USA Today, under the headline "Immigration Bill Not Dead Yet, Backers Say," calls the vote a "potentially fatal setback," and the Los Angeles Times notes Reid "left open the possibility that lawmakers could still reach a decision on immigration legislation," even as he "called on Bush to do more to help." The Washington Times was less equivocal, however, announcing that "the immigration 'grand bargain' imploded," while The Politico titled its report "Immigration Dead." USA Today runs a second story under the headline, "Immigration Vote Stuns Senate Supporters," in which it casts doubt on the future of the bill, and Dana Milbank, in his Washington Post column, says the cloture motion "took a lopsided beating -- and so, at least for now, did any prospect of closure on immigration." Meanwhile, the Wall Street Journal reports the legislation "stumbled badly," and notes "no timetable was given for trying to revive the legislation."
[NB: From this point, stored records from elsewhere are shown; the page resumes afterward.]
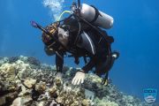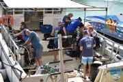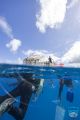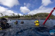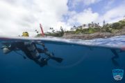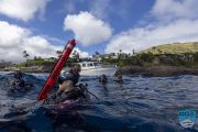 Our dive boat partner Island Divers Hawaii's Captain Matt positioned the boat Sea Fox to drop us divers at a new spot directly below where people frequently position themselves for recreational fishing.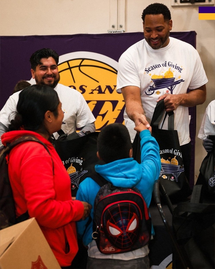 11月25日訊 今天,湖人官方INS曬出了三位前湖人球員為洛杉磯社區(qū)送火雞的照片。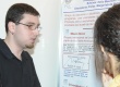 O bolsista de iniciação científica Helio Cannone apresenta o poster sobre sua pesquisa. |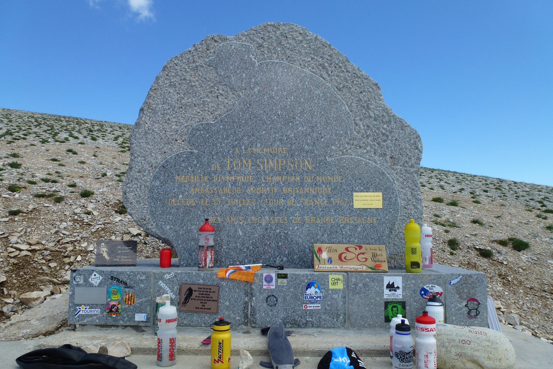 The Tom Simpson memorial, we popped back down to pay our respects. He may, I n modern eyes be viewed as a cheat, but remember that everyone else was doing it as well. No excuse I know. He does deserve to be remembered as a great British sportsman. His last words as a lay dying on the mountain were “put me back on my bike!”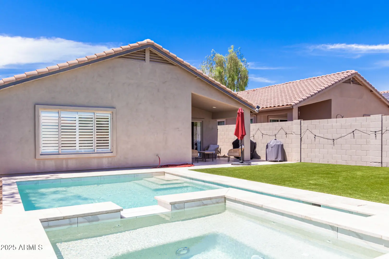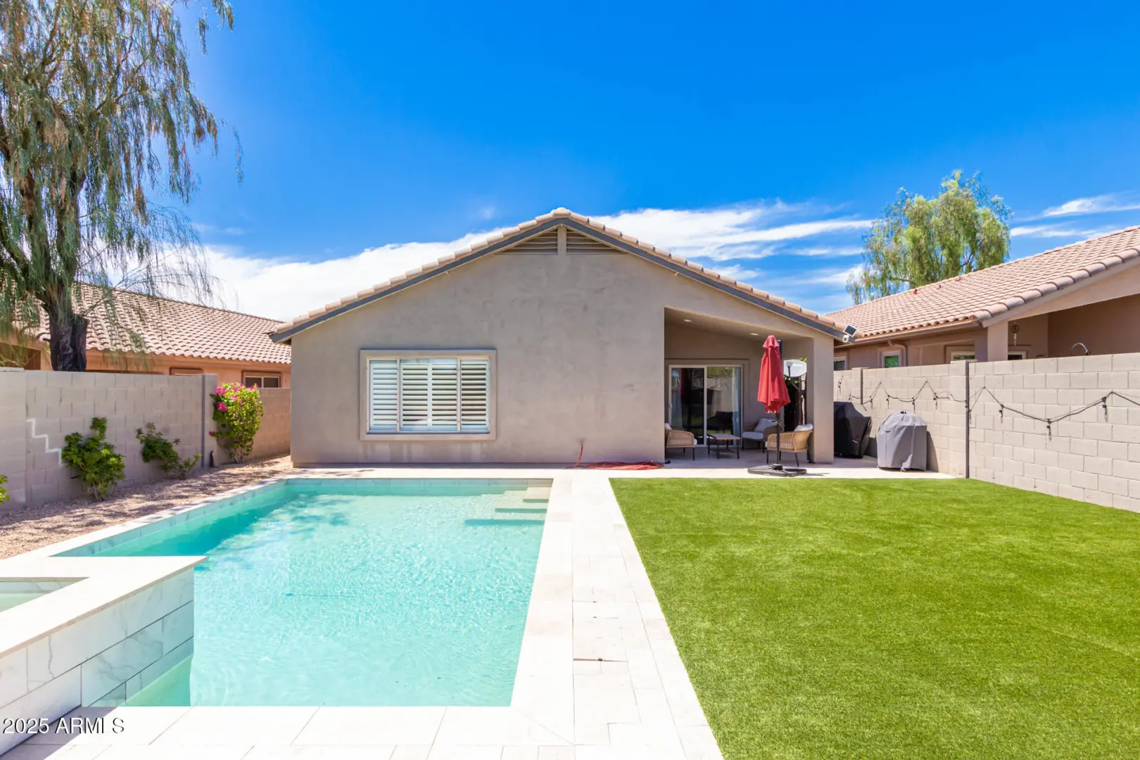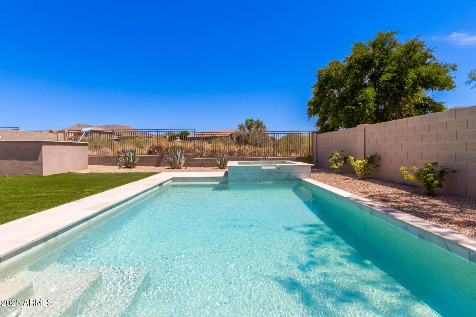 Great furnished home located in McDowell Mountain Ranch! This home is light and bright with beautiful finishes that include shutters, wood-like tile flooring throughout and a chef's kitchen with white cabinets, quartz countertops, subway tile backsplash, and stainless steel appliances. The primary bath is stunning with marble tile flooring & shower giving the room a spa-like feel. The backyard features a pool, spa, and artificial turf and backs to a wash with mountain views for you to enjoy! Close to 101, Scottsdale dining and entertainment! Rate shown is for one year. Shorter term rates are available.
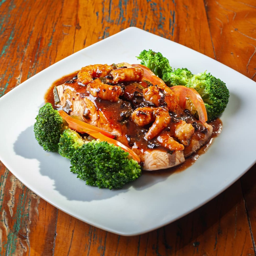 Camarão, brócolis, pimentão, cebola, gengibre e alho.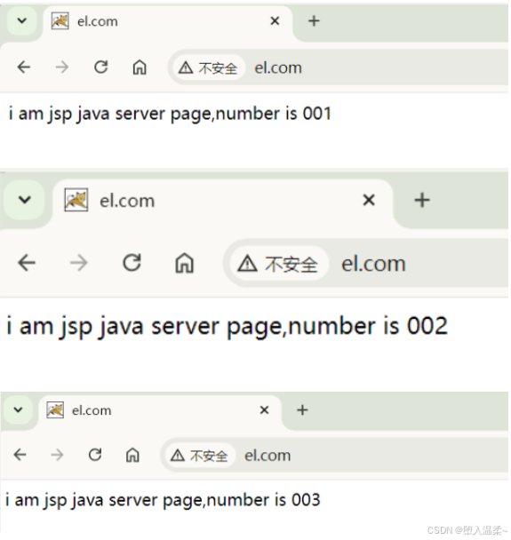 在浏览器上输入域名:https://blog.csdn.net/qq_70752758/article/details/www.el.com,就可以访问到001、002、003的测试页面,刷新页面可以轮询哦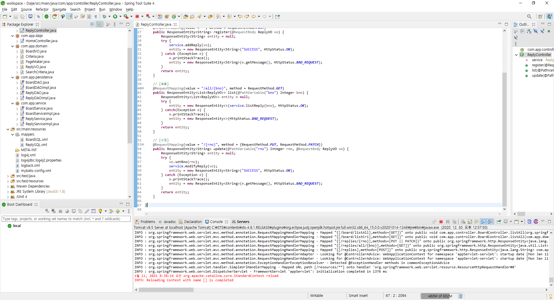 07. 댓글 - 페이징 (0) 2021.01.12 06. 삭제 Controller (REST 방식) (0) 2021.01.11 04. 목록 Controller (REST 방식) (0) 2020.12.30 03. 등록 Controller (REST 방식) (0) 2020.12.29 02. TABLE 생성, Domain ~ Service (0) 2020.12.29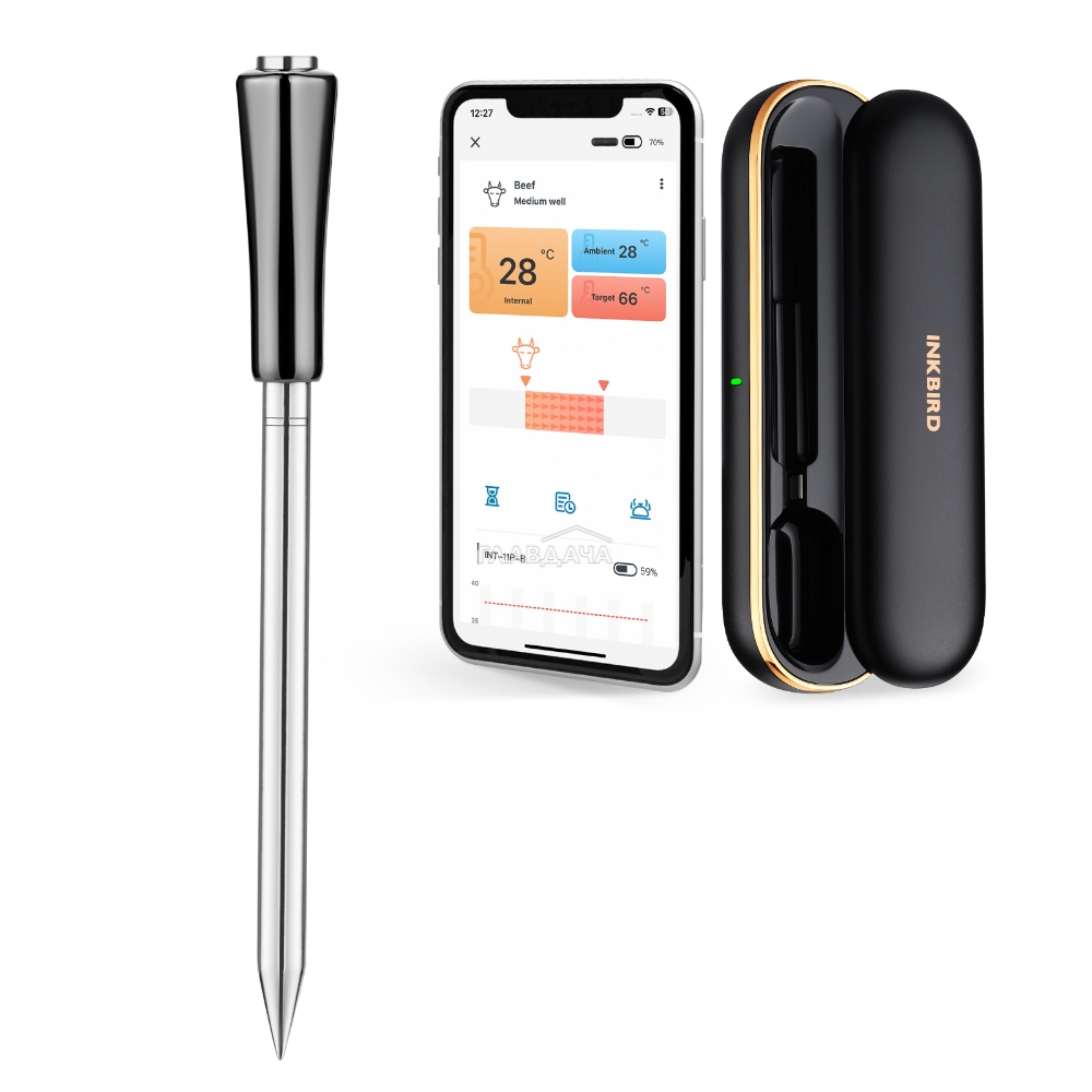 Inkbird INT-11P-B – беспроводной термометр с зарядным футляром. Избавьтесь от путаницы проводов при приготовлении пищи. Удалённо контролируйте процесс приготовления в барбекю, грилях, коптильнях, духовых шкафах и многом другом.

Curiously, the apparent collapse of the immigration deal comes 24 hour after most press reports predicted the worst was over for the bill in the Senate and suggested the real challenge to the immigration measure would come in the House. Such assessments appeared in yesterday's Washington Post, The Hill, New York Times and Los Angeles Times, among others.
Why Did The Bill Fail? NBC Nightly News said that in both parties, "you've got the extremes on the left and right trying to kill the entire bill rather than accept provisions they detest." The Washington Post says "the collapse of comprehensive immigration revision in the Senate last night represents a political defeat for" Bush, Sen. John McCain and Sen. Edward M. Kennedy, "the bill's most prominent sponsors. More significantly, it represents a scathing indictment of the political culture of Washington."
The Washington Times offers a different interpretation, reporting that "an immigration alliance with Democratic Sen. Edward M. Kennedy of Massachusetts is damaging" Sens. McCain and Graham "among conservative Republicans. The damage to the two Republican senators caused by their support for Mr. Kennedy's immigration bill...is especially clear in Mr. Graham's home state, scene of an early presidential primary next year."
Fox Poll: Only 34% Back Senate Bill Fox News Channel Special Report, meanwhile, reported, "The latest Fox News/Opinion Dynamics poll shows 58% support enforcement of existing laws. Only 34% back an overhaul of immigration laws along the lines of the Senate compromise."